А ты лежал и прислушивался, не раздастся ли опять тот отдаленный гул, тот, безобидный как будто, раскатистый далекий грохот, неровный, пропадающий при изменении ветра, прерываемый паузами, белой, разбегающейся волнами тишиной, которая спустя миг сжималась до крохотной точки.
— Говорят, войска куда-то перебрасывают, — продолжал часовой, — если так, значит, началась эвакуация частей.
И опять бормотание, хриплое покашливание, что-то ворчливое, невнятное себе под нос, и, наконец:
— Чепуха это!
Ты опять смотрел на их спины в окне, на стволы винтовок, вонзившиеся в небо, на обманчиво тусклое поблескивание стали, и ты увидел — как будто солдаты только сейчас их нацепили — смешные приплюснутые каски и почувствовал дым сигарет, — караульные опять закурили.

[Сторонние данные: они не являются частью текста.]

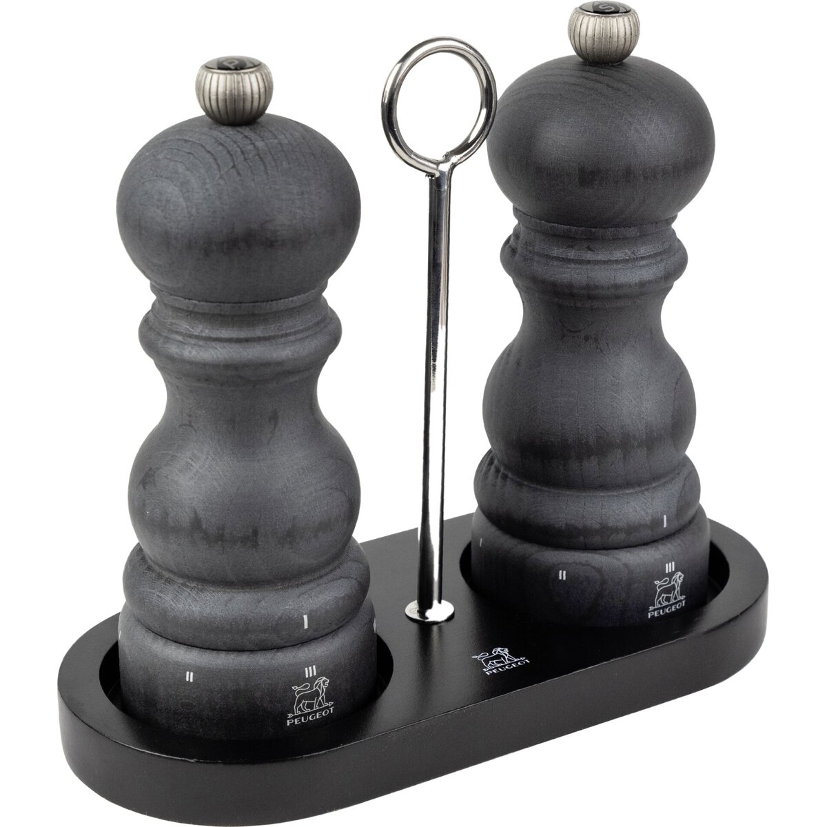 Die besondere Gewürzmühlen-Menage von Peugeot eignet sich perfekt für Ihr Lieblings-Salz- und Pfeffermühlenset. Dank der praktischen Menage können Sie Ihre Mühlen schnell und sicher transportieren. Ob auf dem Esstisch oder neben dem Herd, ist die Menage ein Blickfang dank des hochwertigen Bambusholzes in edler, schwarzer Lackierung. Hinterlassen Sie keine Gewürzrückstände mehr auf ihrem Tisch mit der neuen Menage für Salz- und Pfeffermühlen von Peugeot! Passend für alle Mühlen mit einer Höhe von max. 18cm und einen Ø von max. 6,5cm.

Показалось, ты ощущаешь запах, который всегда так жадно вдыхал в машине отца, пока его секретарша, наморщив нос, не опускала стекло; это был его запах, особенный запах, иногда он служил чем-то вроде пролога к какому-нибудь добродушному откровению, но она реагировала пренебрежительно, как женщина, которой уже порядком надоело терпеть его в своей постели: его запах, дома, на кухне, он служил тебе сигналом, что лучше не попадаться матери на глаза, а позднее, сто, нет, тысячу лет спустя, ты лежал однажды в своей комнатенке на чердаке, курил и думал: с каждой затяжкой надо вдохнуть все, что тебя окружает, иначе не заполнишь пустоту, зияющую дыру в груди, — надо вдохнуть как можно глубже, и когда грудь уже готова разорваться — выдохнуть дым; ты хотел бы вдохнуть весь этот город, его отчужденную холодность, чересполосицу улиц с огнями, которые убегали в бесконечность, и от огней города, казалось, при легчайшем дуновении мог вспыхнуть пожар, который захватит огромные пространства, а после приказа о затемнении они слились, превратившись в единственный, то потухавший, то разгоравшийся перед твоими глазами огонек сигареты.